_Data extract:_

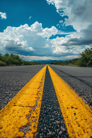 Vibrant Yellow Lines on a Serene Roadway Leading Towards Majestic Mountains Under a Clear Blue Sky
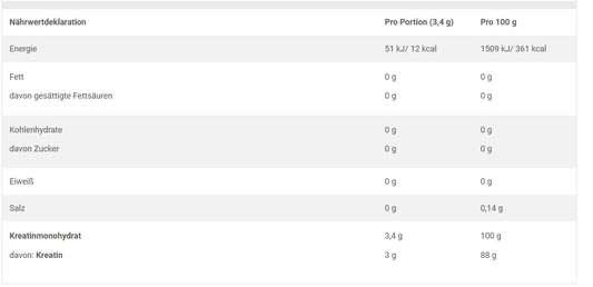 Kreatin, α-Methylguanidoessigsäure, ist eine stickstoffhaltige organische Säure, die in den Muskeln und Nervenzellen einiger lebender Organismen vorkommt. Es kann sowohl natürlich als auch künstlich als Nahrungsergänzungsmittel gewonnen werden. Es ist ein Molekül, das aus den Aminosäuren Arginin, Methionin und Glycin besteht. Es wird auf natürliche Weise in Leber, Bauchspeicheldrüse und Nieren aus den Aminosäuren Arginin, Glycin und Methionin mit einer Geschwindigkeit von einem Gramm Kreatin pro Tag synthetisiert.2 Es stellt einen unmittelbaren und direkten Vektor für den Transport von ATP und die Energieversorgung der Muskelmyofibrillen dar.
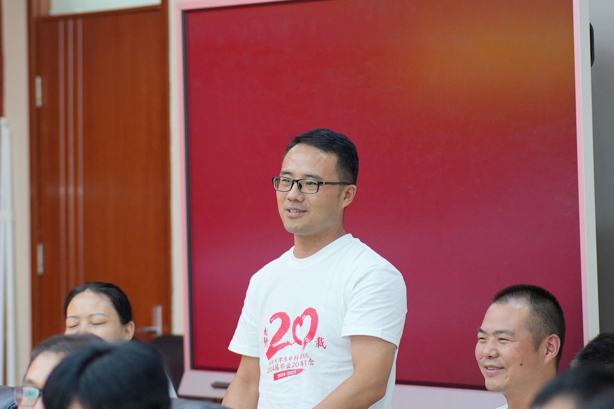 宋纯鹏、王天仕、苗琛等教师代表逐一表达了对各位校友的真诚欢迎和美好祝愿,回忆了与04届毕业生在校期间的美好时光,对学院莘莘学子在不同的领域贡献的生科力量表示肯定。老师们纷纷感慨与同学们虽久别重逢却仍亲若一家人,二十年光阴,河大学子最难能可贵的是始终忠于生命、忠于事业、忠于生活,这份“亲情”历久弥新;毕业二十年的这段时期,是人生实现凤凰涅槃转化的重要节点,2024年的夏天对于04届bat365在线平台官网登录毕业生而言具有重要的纪念意义;“校友就是学校的财富”,希望历届校友持续关注和支持学校、学院的发展,共同进步、一同成长。
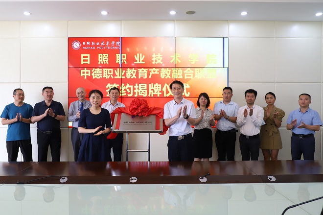 7月19日上午,我校与中德职业教育产教融合联盟签约揭牌仪式在学校天润楼209会议室举行。中德职业教育产教融合联盟常务副秘书长李杏丽,德国卡尔·杜伊斯堡公益中心北京代表处首席代表刘英泽,德国GFM教育集团中国区代表、台州职业技术学院中德学院常务副理事长、中德制造业研修院中德职业教育顾问王克,山东曼宁智能科技有限公司商务拓展总监赵敏等德国职业教育领域企业代表出席仪式,市外办党组成员、副主任高娟,我校党委委员、副院长韩振,相关二级学院主要负责人出席仪式。仪式由院长助理、国际合作与交流中心主任丁立孝主持。

_Activity:_ The copy must begin at the line containing "Kreatin, α-Methylguanidoessigsäure, ist" and end at the last line of the data above, with every line retyped exactly and no pictures included.

_The answer:_
 Kreatin, α-Methylguanidoessigsäure, ist eine stickstoffhaltige organische Säure, die in den Muskeln und Nervenzellen einiger lebender Organismen vorkommt. Es kann sowohl natürlich als auch künstlich als Nahrungsergänzungsmittel gewonnen werden. Es ist ein Molekül, das aus den Aminosäuren Arginin, Methionin und Glycin besteht. Es wird auf natürliche Weise in Leber, Bauchspeicheldrüse und Nieren aus den Aminosäuren Arginin, Glycin und Methionin mit einer Geschwindigkeit von einem Gramm Kreatin pro Tag synthetisiert.2 Es stellt einen unmittelbaren und direkten Vektor für den Transport von ATP und die Energieversorgung der Muskelmyofibrillen dar.
 宋纯鹏、王天仕、苗琛等教师代表逐一表达了对各位校友的真诚欢迎和美好祝愿,回忆了与04届毕业生在校期间的美好时光,对学院莘莘学子在不同的领域贡献的生科力量表示肯定。老师们纷纷感慨与同学们虽久别重逢却仍亲若一家人,二十年光阴,河大学子最难能可贵的是始终忠于生命、忠于事业、忠于生活,这份“亲情”历久弥新;毕业二十年的这段时期,是人生实现凤凰涅槃转化的重要节点,2024年的夏天对于04届bat365在线平台官网登录毕业生而言具有重要的纪念意义;“校友就是学校的财富”,希望历届校友持续关注和支持学校、学院的发展,共同进步、一同成长。
 7月19日上午,我校与中德职业教育产教融合联盟签约揭牌仪式在学校天润楼209会议室举行。中德职业教育产教融合联盟常务副秘书长李杏丽,德国卡尔·杜伊斯堡公益中心北京代表处首席代表刘英泽,德国GFM教育集团中国区代表、台州职业技术学院中德学院常务副理事长、中德制造业研修院中德职业教育顾问王克,山东曼宁智能科技有限公司商务拓展总监赵敏等德国职业教育领域企业代表出席仪式,市外办党组成员、副主任高娟,我校党委委员、副院长韩振,相关二级学院主要负责人出席仪式。仪式由院长助理、国际合作与交流中心主任丁立孝主持。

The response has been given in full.